Task objective –
Once you find the line with "第四步,点击软件右上角的红色" in the data that follows, repeat it and every line after it exactly, through the line with "腰肌劳损:疼痛主要集中在腰部,偶尔累及臀部,腿部尤其是膝关节以下".

Exercise input –
##############################

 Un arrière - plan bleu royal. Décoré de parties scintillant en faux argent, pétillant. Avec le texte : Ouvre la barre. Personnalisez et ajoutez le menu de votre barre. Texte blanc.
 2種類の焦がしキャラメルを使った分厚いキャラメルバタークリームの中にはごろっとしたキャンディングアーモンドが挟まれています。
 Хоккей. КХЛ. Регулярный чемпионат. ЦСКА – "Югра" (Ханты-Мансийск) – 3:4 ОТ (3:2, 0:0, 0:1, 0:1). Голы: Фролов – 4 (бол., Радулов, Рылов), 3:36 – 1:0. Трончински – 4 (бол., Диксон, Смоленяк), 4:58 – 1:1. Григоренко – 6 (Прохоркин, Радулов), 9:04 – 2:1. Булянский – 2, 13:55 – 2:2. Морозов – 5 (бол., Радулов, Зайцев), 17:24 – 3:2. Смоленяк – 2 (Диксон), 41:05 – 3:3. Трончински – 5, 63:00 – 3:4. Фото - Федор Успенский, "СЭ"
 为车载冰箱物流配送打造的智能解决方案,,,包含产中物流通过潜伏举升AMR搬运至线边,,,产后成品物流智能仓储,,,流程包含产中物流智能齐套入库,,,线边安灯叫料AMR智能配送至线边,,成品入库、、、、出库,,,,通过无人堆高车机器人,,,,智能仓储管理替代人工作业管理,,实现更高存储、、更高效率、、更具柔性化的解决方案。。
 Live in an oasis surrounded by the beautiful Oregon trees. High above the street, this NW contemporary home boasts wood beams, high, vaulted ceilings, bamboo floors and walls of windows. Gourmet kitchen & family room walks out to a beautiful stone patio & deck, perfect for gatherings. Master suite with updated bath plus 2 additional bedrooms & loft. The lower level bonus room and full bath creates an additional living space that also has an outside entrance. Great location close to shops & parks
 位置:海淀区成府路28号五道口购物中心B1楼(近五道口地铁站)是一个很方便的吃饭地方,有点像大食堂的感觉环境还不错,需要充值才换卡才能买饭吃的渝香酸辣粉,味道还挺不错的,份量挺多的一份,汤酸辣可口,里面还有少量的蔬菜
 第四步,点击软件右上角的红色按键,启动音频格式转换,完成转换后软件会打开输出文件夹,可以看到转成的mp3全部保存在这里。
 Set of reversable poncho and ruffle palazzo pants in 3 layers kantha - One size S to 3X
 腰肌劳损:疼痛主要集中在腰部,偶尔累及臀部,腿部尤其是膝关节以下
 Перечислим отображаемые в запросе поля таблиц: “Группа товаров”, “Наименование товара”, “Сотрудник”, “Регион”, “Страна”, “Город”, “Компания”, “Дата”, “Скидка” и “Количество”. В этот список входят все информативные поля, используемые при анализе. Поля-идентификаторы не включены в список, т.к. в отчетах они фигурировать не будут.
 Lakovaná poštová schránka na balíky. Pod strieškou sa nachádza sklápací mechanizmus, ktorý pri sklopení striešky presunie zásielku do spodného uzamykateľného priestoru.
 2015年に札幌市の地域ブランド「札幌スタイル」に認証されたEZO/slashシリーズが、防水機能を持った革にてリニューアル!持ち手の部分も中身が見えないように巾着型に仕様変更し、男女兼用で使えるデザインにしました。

##############################

Task output –
 第四步,点击软件右上角的红色按键,启动音频格式转换,完成转换后软件会打开输出文件夹,可以看到转成的mp3全部保存在这里。
 Set of reversable poncho and ruffle palazzo pants in 3 layers kantha - One size S to 3X
 腰肌劳损:疼痛主要集中在腰部,偶尔累及臀部,腿部尤其是膝关节以下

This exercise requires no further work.